Первым громко присвистнул Джеймс. Это имя о чем-то ему говорило. Я помнила, как много лет тому назад Джеймс не имел ни малейшего понятия о фигурном катании. Но теперь он достаточно долго был членом нашей семьи, чтобы разбираться в этом виде спорта больше, и я могла бы в этом поклясться.
– Он избавился от своей партнерши? – оживился Джонатан, поправляя очки на носу так, словно это была лучшая сплетня, услышанная им за последнее время.
Мама, вскинув брови, кивнула:
– Насколько я знаю, несколько дней назад.
Я постаралась засунуть в рот большой кусок курицы, чтобы по моему лицу нельзя было прочитать: случилось совсем не это.
К счастью, мой любопытный тупица-брат зевнул.
– Они же всего пару лет назад начали кататься вместе? – спросил Джоджо, обращая свой вопрос к маме, потому что она была в курсе всех сплетен.
– Угу. Партнерша, которая была до нее, дважды падала на финале Гран-при. Они завоевали бронзу, а с этой девушкой он стал победителем национального чемпионата и чемпионата мира.
Гран-при. Чемпионат мира. Национальное первенство. Три самых престижных соревнования по фигурному катанию. Только Иван мог облажаться и все равно что-то выиграть. Эти мысли должны были вселить в меня уверенность, что я делаю правильный выбор, принимая его предложение, но я лишь озлобилась на саму себя за то, что облажалась и так и не заняла никаких мест.
– Карина ничего тебе не рассказывала? – Мама переключила свое внимание на меня.
Стараясь тщательно пережевать курицу, я покачала головой и проговорила с набитым ртом:
– Она еще в Мехико. – Они знали, что она в колледже.
– Напиши ей и узнай, – посоветовала мне мама.
Я нахмурилась.
– Сама напиши.
Мама ухмыльнулась, словно говоря: ну, давай же.
– Так и сделаю.
– Я всегда забываю, что Карина – его сестра, – заметил Джеймс, наклоняясь через стол. – Он вблизи так же привлекателен? Когда видишь его вживую.
Я хихикнула:
– Нет.
Джоджо усмехнулся:
– Ага. – Но его тон взбесил меня. Я посмотрела в его сторону и увидела, что он облокотился на плечо Джеймса. Этот идиот притворялся, будто пытается говорить шепотом, но, глядя прямо на меня, добавил: – Джесмин всегда с ним флиртовала. Видел бы ты.

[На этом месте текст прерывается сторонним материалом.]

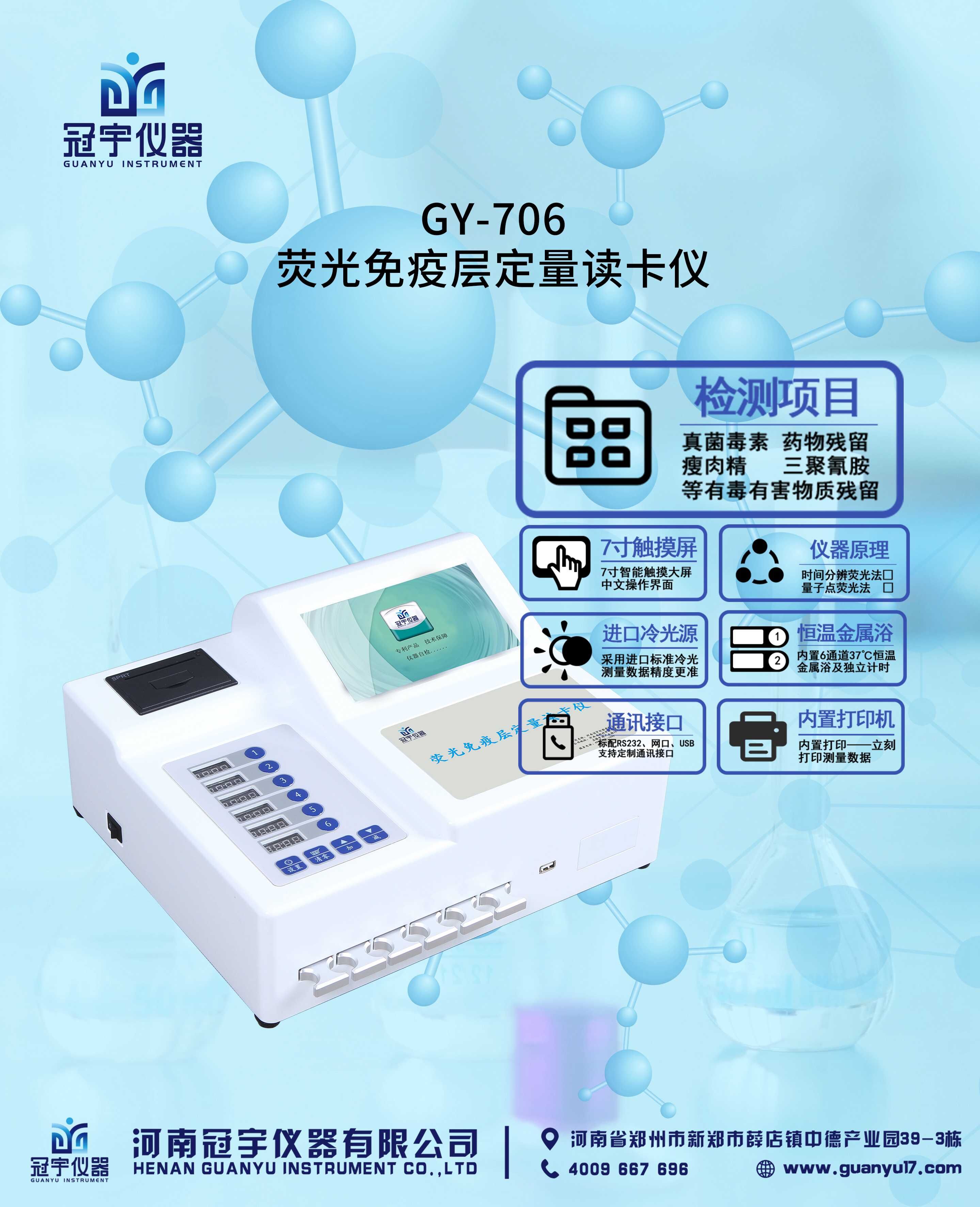 量子點(diǎn)熒光定量分析儀GY-706量子點(diǎn)熒光定量分儀應(yīng)用競爭抑制免疫層析的原理,通過檢測線熒光定量卡中的熒光強(qiáng)弱程度,定量分析量子點(diǎn)熒光法制成的真菌毒素、獸藥、瘦肉精、抗生素、動物疫病、農(nóng)藥殘留、臨床檢查項目、等有毒有害物質(zhì)殘留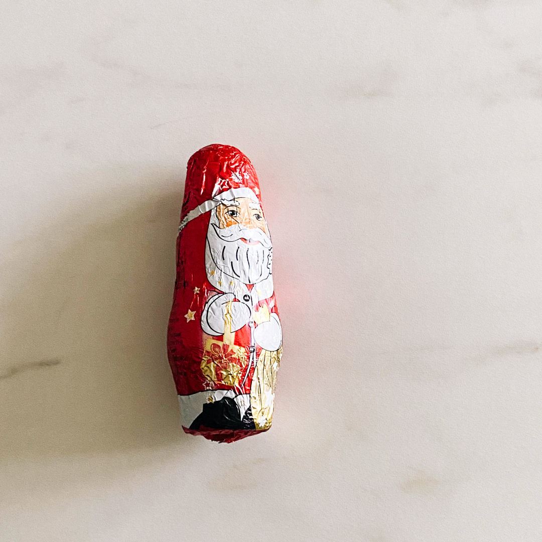 Père Noël en Chocolat d'environ 28g sous aluminium. Vendu à l'unité.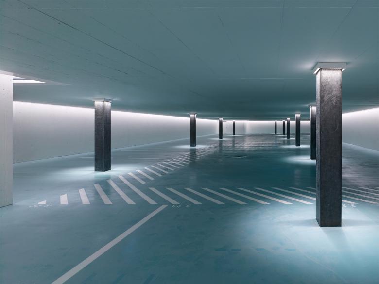 Die Haupterschliessung des Neubaus erfolgt über das ebenerdige Eingangsgeschoss, welches den Empfang, die nötigen Dienstleistungsflächen und Räume beinhaltet. Über den zentralen Erschliessungskern werden die drei Obergeschosse mit den Reha-Klinik-Zimmern erschlossen. Zudem ist über diesen Kern die dreigeschossige Autoeinstellhalle verbunden. Ein weiterer zusätzlicher Erschliessungskern verbindet den Neubau mit den Rehabilitations-Räumen im Zwischenbau.
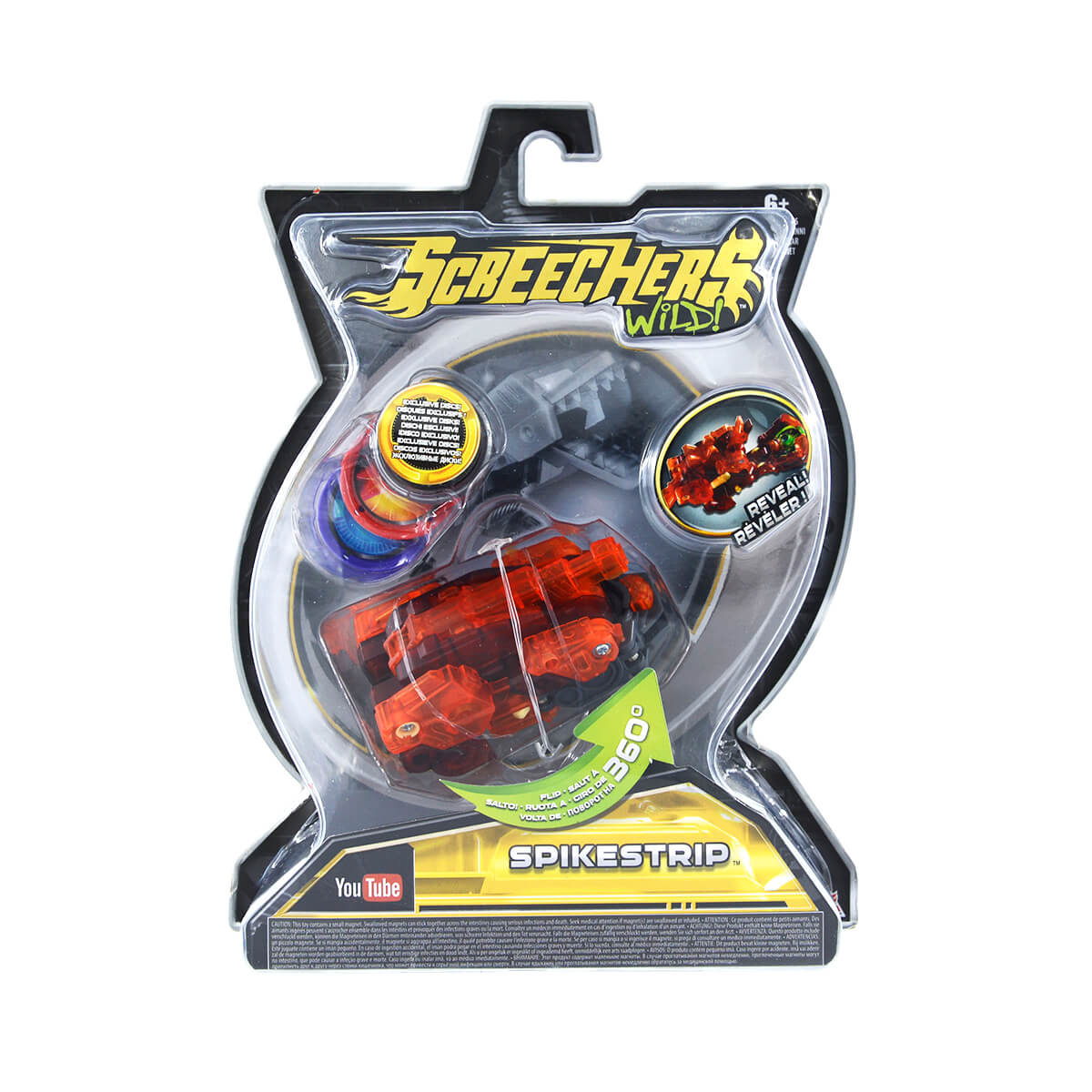Скрічер Спайкстріп трансформується в крутого стегозавтра. Для того, щоб трансформувати тварину назад, потрібно витягти диск і закріпити пружинку знизу машини і ви знову можете вступати в бій. Диск має гладку поверхню для бездоганного ковзання і гумову поверхню для фіксації на місці.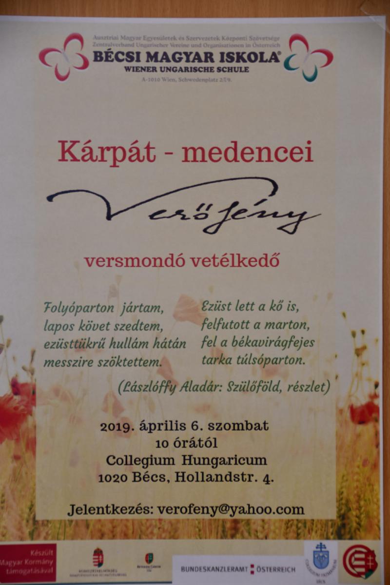 Az Ausztriai Magyar Egyesületek és Szervezetek Központi Szövetsége idén is nagy sikerrel hirdette és rendezte meg a Kárpát-medencét átívelő Verőfény szavalóversenyét. A több mint félszáz jelentkező Bécsből, Innsbruckból, Linzből, Délvidékről, Felvidékről és Erdélyből érkezett. Pirityiné Szabó Judit, a Nemzetpolitikai Államtitkárság főosztályvezetője is a zsűri tagja volt.

Подавившись курицей, я не смогла проглотить ее и закашлялась.
– Что за бред?!
После его «ха!» я тут же показала ему средний палец.
– Даже не прикидывайся. Ты всегда приходила домой и говорила о нем, – заявил мужчина ростом метр шестьдесят восемь, всегда идеально сочетавший в себе качества старшего брата, всегда готового прийти на помощь, и досадной занозы в заднице, не способной вовремя остановиться. – Ты была неравнодушна к нему. Мы все знали. – Посмотрев на Джеймса, он вскинул брови. – Мы знали.
Он издевался надо мной? Он, блин, издевался, да? Я флиртовала с Иваном? С Иваном?
– Нет, – спокойно сказала я только потому, что, прояви я излишнюю агрессию, они бы стали нести всякую чушь. Я знала, как они действуют. – Я не флиртовала с ним. – И специально для того, чтобы Джеймс понял, подчеркнула: – Никогда.
Мама издала звук, который, как правило, означал: «Ну-ну».
Переведя взгляд на нее, я покачала головой:
– Нет. Нет, я не флиртовала. Он хорошо выглядит. – Если бы я сказала, что Иван не в моем вкусе, они бы решили, что я пытаюсь что-то скрыть, а это не так. – Но такого никогда не было. Никогда, ни капельки. Он же придурок. Мы дружим с его сестрой. Вот и все.
– Он не был придурком, – вмешалась мама. – Он всегда очень вежлив. Очень добр к своим поклонникам. Мне кажется, он очень милый мальчик. – Она скользнула по мне взглядом. – И он нравился тебе.
Милый мальчик? Они что, под чем-то?
Да, все любили его, и все превозносили его. Красивый, талантливый Иван Луков, завоевавший весь мир, будучи привлекательным, сверкающим, самоуверенным подростком. Он знал правила игры. Этого у него было не отнять. Но он никогда не нравился мне. Никогда.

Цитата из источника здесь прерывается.